Your task:
Below are the records; return exactly the lines from the one with "近日,子公司潤邦海洋承接的S" through the final line, both included, minus any pictures.

Items listed in a dataset
++++++

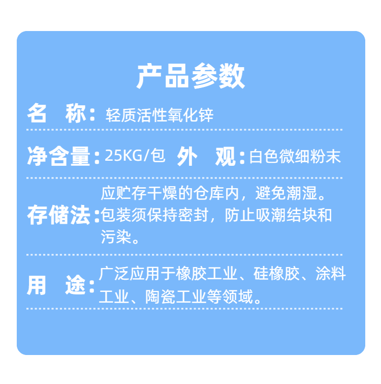 本品符合化工行業(yè)標準HG/T 2572-2020《活性氧化鋅》的要求,其主要技術指標如下:
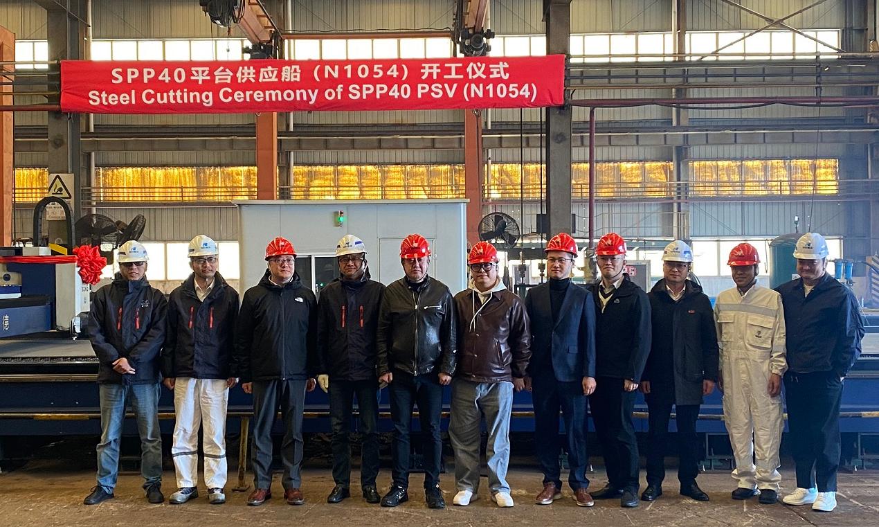近日,子公司潤邦海洋承接的SPP40平臺供應船又一艘船N1054順利舉行了開工儀式,國銀金租、思佰科、BV船級社、潤邦海洋等相關領導出席。
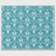 Papier Cadeau Seahors Damask Patterson Turquoise bleu et blanc
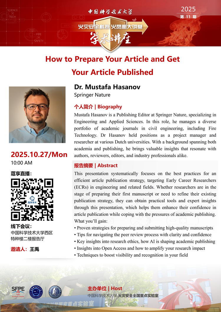 “火灾安全科技火凤凰大讲堂”学术讲座2025第11期—Dr.Mustafa Hasanov, Springer Nature
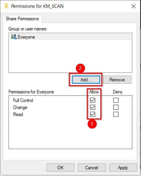 • Under the [Everyone] username, [Tick] on allow full control and click on [Add].

++++++

Result of this exercise:
近日,子公司潤邦海洋承接的SPP40平臺供應船又一艘船N1054順利舉行了開工儀式,國銀金租、思佰科、BV船級社、潤邦海洋等相關領導出席。
 Papier Cadeau Seahors Damask Patterson Turquoise bleu et blanc
 “火灾安全科技火凤凰大讲堂”学术讲座2025第11期—Dr.Mustafa Hasanov, Springer Nature
 • Under the [Everyone] username, [Tick] on allow full control and click on [Add].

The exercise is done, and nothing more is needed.